Karl Lagerfeld lance début novembre son tout premier magasin virtuel. Une étape importante pour laquelle le couturier allemand a fortement investi. Le site e-commerce Karl.com sera géré par l’Italien Yoox Group et dédié uniquement aux collections femme.

La boutique virtuelle de Karl Lagerfeld sera en ligne à partir de novembre

La maison a souhaité se concentrer en effet pour l’instant sur l’univers féminin, mettant en vente sur le Web le prêt-à-porter et surtout les accessoires, premier focus de la marque, de la maroquinerie (chaussures, sacs, etc.) aux lunettes, en passant par montres et parfums.

Le site sera accessible dans 97 pays en cinq langues (anglais, allemand, français, italien et japonais) avec quatre devises (euros, dollars, livre sterling britannique et yen) et proposera de nouveaux produits tous les 15 jours.

Pour accompagner ce lancement, qui va permettre à la griffe de se déployer dans le monde entier, Karl Lagerfeld a imaginé une collection capsule, dénommée « Karl Around the World », en clin d’œil à cette expansion en ligne tout autour de la planète et inspirée des voyages du couturier.

La collection capsule “Karl around the world”

Composée d’accessoires de voyage (sac en bandoulière, masque de nuit, porte-passeport, carnet de voyage, etc.), la collection sera commercialisée aussi bien sur le site marchand que dans la vingtaine de boutiques monomarques que compte la maison.

Autre initiative pour couronner le lancement de Karl.com, une vente aux enchères très spéciale.

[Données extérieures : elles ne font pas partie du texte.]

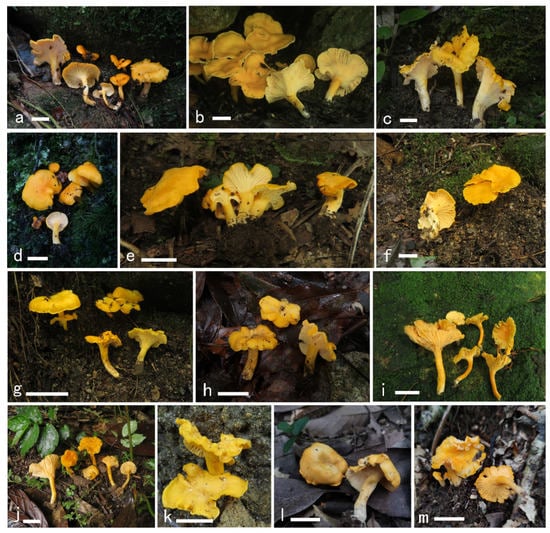 - Zhang, Y.Z.; Liang, Z.Q.; Xie, H.J.; Wu, L.L.; Xue, R.; Zeng, N.K. Cantharellus macrocarpus (Cantharellaceae, Cantharellales), a new species from tropical China. Phytotaxa 2021, 484, 170–180. [Google Scholar] [CrossRef]
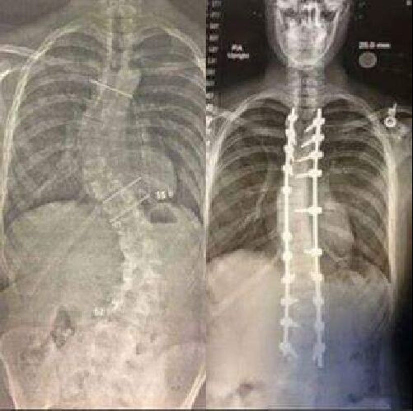 Radiografía de la espalda antes y después de la cirugía de alineación espinal debido a escoliosis

Karl Lagerfeld a réalisé trois sacs exclusifs qui seront vendus chacun en un seul et unique exemplaire avec le croquis original du créateur, sur le site d’enchères en ligne d’art contemporain Artnet.

Les trois sacs à main et leurs croquis seront présentés sur Artnet le 2 novembre prochain. Les internautes pourront ensuite enchérir sur les objets en édition limitée imaginés par le grand couturier, à partir du 5 novembre et jusqu’au 10.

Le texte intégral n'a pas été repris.